Below I have a function trim(). Which removes the leading zeros from an array of ints. It returns a pointer, which it receives from malloc(). While running a loop of successive calls to trim() and free(). I noticed that the value returned by trim() - which was received by malloc(), is identical on every iteration.
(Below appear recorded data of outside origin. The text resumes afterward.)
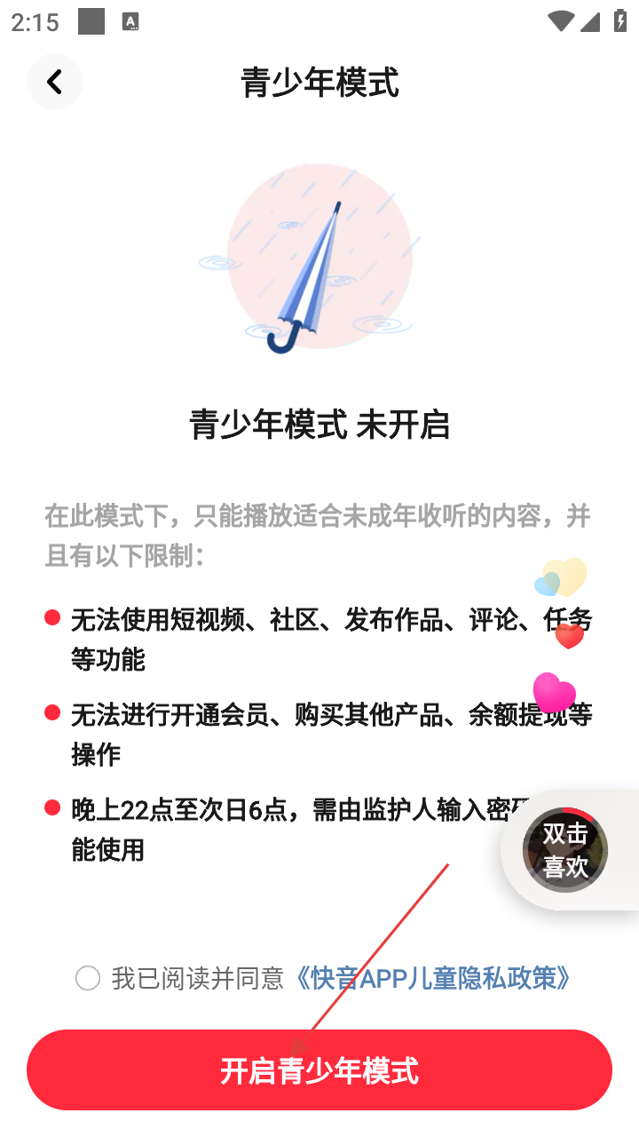 4、在青少年模式页面,勾选同意《快音APP儿童隐私政策》后,点击【开启青少年模式】按钮,按照提示设置密码,即可开启青少年模式。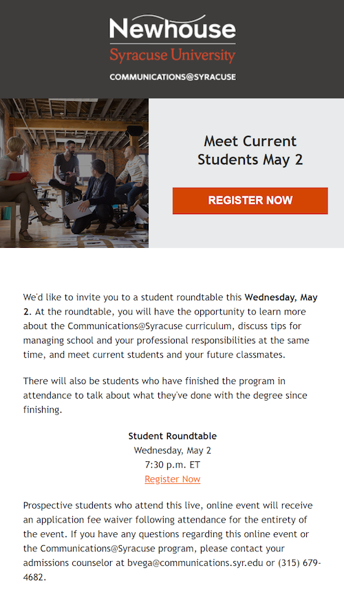 - 他們埋下了線索。 如果您查看最後一個要點,您會讀到“參加此現場在線活動的未來學生將在參加整個活動後獲得申請費減免。” 所以,你是說我所要做的就是註冊,堅持參加整個活動,這樣我就可以節省申請費了? 這聽起來很合理,但是……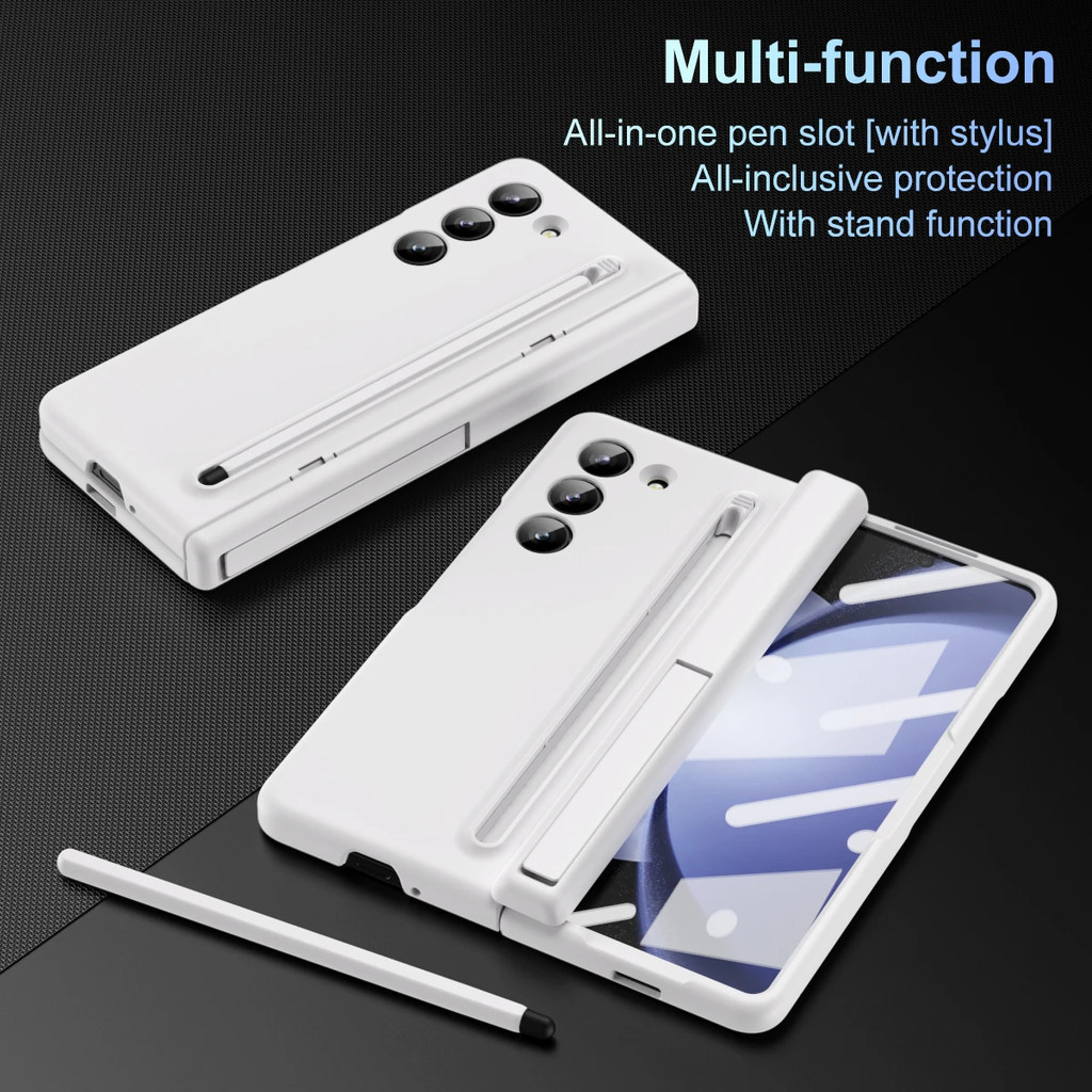 Estojo Porta-Caneta Para Samsung Galaxy Z Fold 3 4 5 6 Fold5 Com Suporte Proteção Frontal Do Filme De Vidro ZFold6 Luxury Cover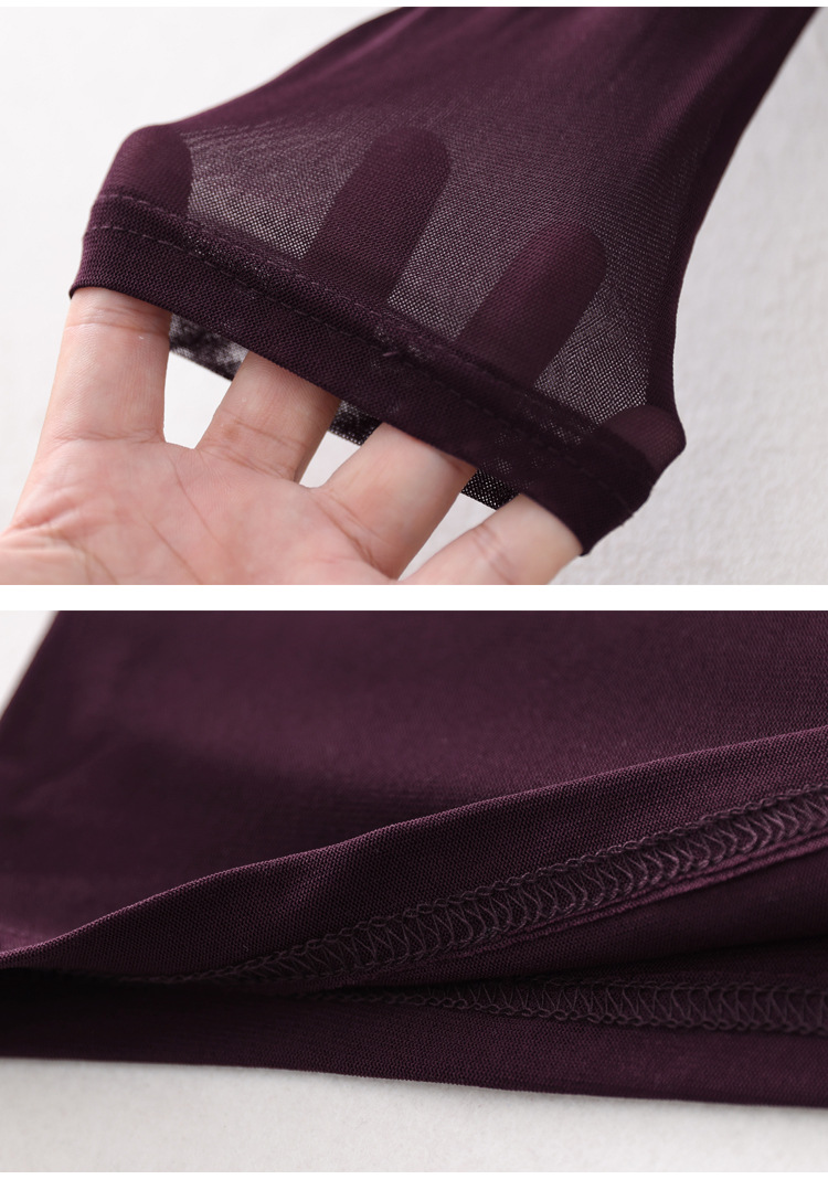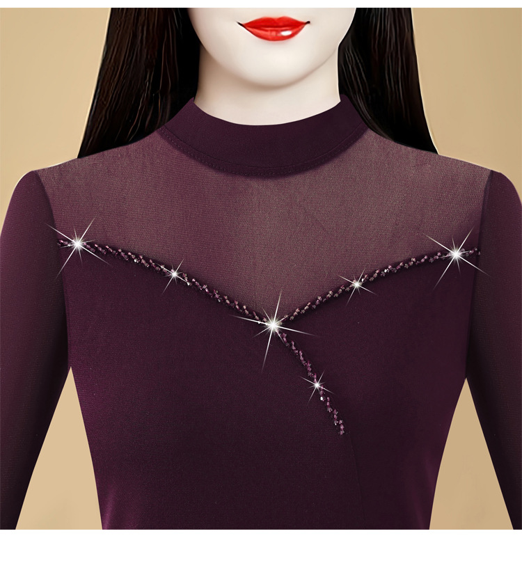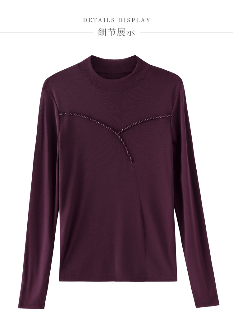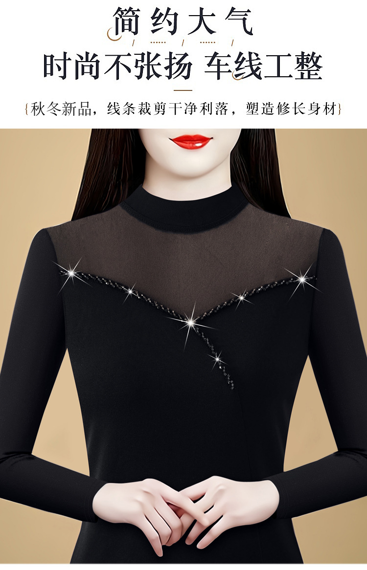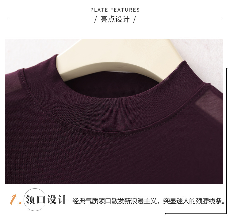 KQL 644G9250高弹网纱半高领打底衫显瘦洋气上衣小衫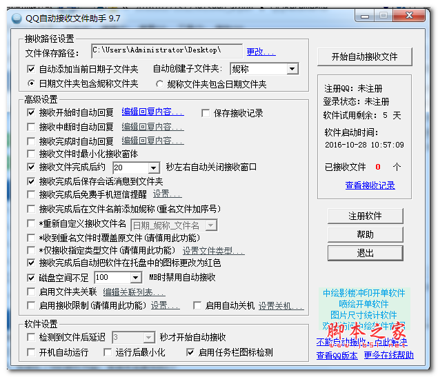 QQ自动接收文件助手实现全自动无人值守接收QQ文件,弥补QQ不能自动接收文件的遗憾,是您日常工作接收文件的好助手!软件能同时接收来自不同好友发来的文件,能运行于win xp/2003/vista/win7等环境下。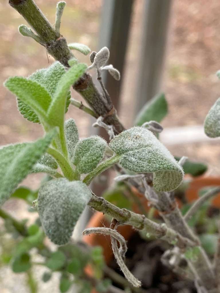 But for all this growth and joy and magic of this second week in December, there has been a challenge to contend with in the greenhouse too. The sage came down with it first. And then the tarragon. Powdery mildew.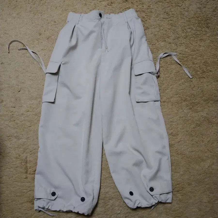 인심 58cm, 허리는 밴딩, 여유로운 S 사이즈, 색상은 연한 그레이, 착용 횟수 10회 정도, 밑단은 끈이나 버튼으로 조절 가능합니다. 얇은 원단이라 겨울 외 계절에 착용 가능합니다. 새상품급입니다. 인터넷에서 약 6800엔에 구매.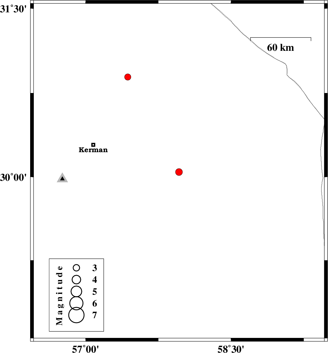 | 2025/01/25 | 15:15:59.0 | 18:45:59.0 | 30.044 | 57.963 | 12 | ML:3.2 | Kerman Province, 89 km South-East of Kerman | ||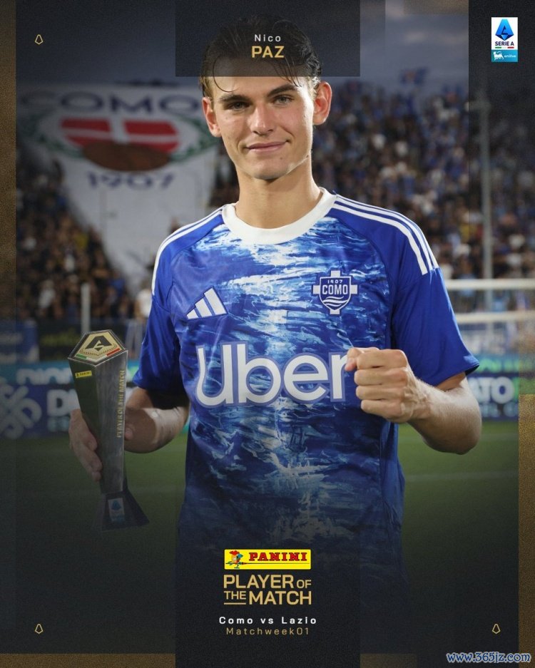 传射建功!20岁帕斯当选科莫2-0拉齐奥全场最佳球员

It is my understanding that freeing the same pointer twice, if it is not NULL, will result in a double free error. Why is a double free error not encountered in this situation?

#include <stdio.h>
#include <stdlib.h>

int main()
{
    int i, j, length;
    int n[] = { 4, 5, 6 };
    int m[] = { 0, 3, 5 };
    int *num;
    int *trimmed, *trimmed_length;

    trimmed_length = &length;

    for (i = 0; i < 10; i++)
    {
        num = (i % 2 == 0) ? n : m;

        trimmed = trim(num, 3, trimmed_length);

        if (!trimmed)
        {
            printf("trimmed was null\n");
            exit(-1);
        }

        for (j = 0; j < *trimmed_length; j++)
        {
            printf("%d", trimmed[j]);
        }   

        printf("\n");

        free(trimmed); 
    }

    exit(0);
}

int *trim(int *n, int nlength, int *res_length)
{
    int i, j;
    int *res;

    for (i = 0; i < nlength; i++)
    {
        if (n[i] > 0)
        {
            break;
        }
    }

    *res_length = (nlength - i);

    res = malloc(sizeof(int) * (*res_length));

    if (!res)
    {
        return NULL;
    }

    j = 0;

    while (i < nlength)
    {
        res[j++] = n[i++];
    }

    printf("Returned pointer from trim() %d\n", res);

    return res;
}

Output:

Returned pointer from trim() 11759632
456
Returned pointer from trim() 11759632
35
Returned pointer from trim() 11759632
456
Returned pointer from trim() 11759632
35
Returned pointer from trim() 11759632
456
Returned pointer from trim() 11759632
35
Returned pointer from trim() 11759632
456
Returned pointer from trim() 11759632
35
Returned pointer from trim() 11759632
456
Returned pointer from trim() 11759632
35

Answer 1

As far as I can see, there is no double free() in your case.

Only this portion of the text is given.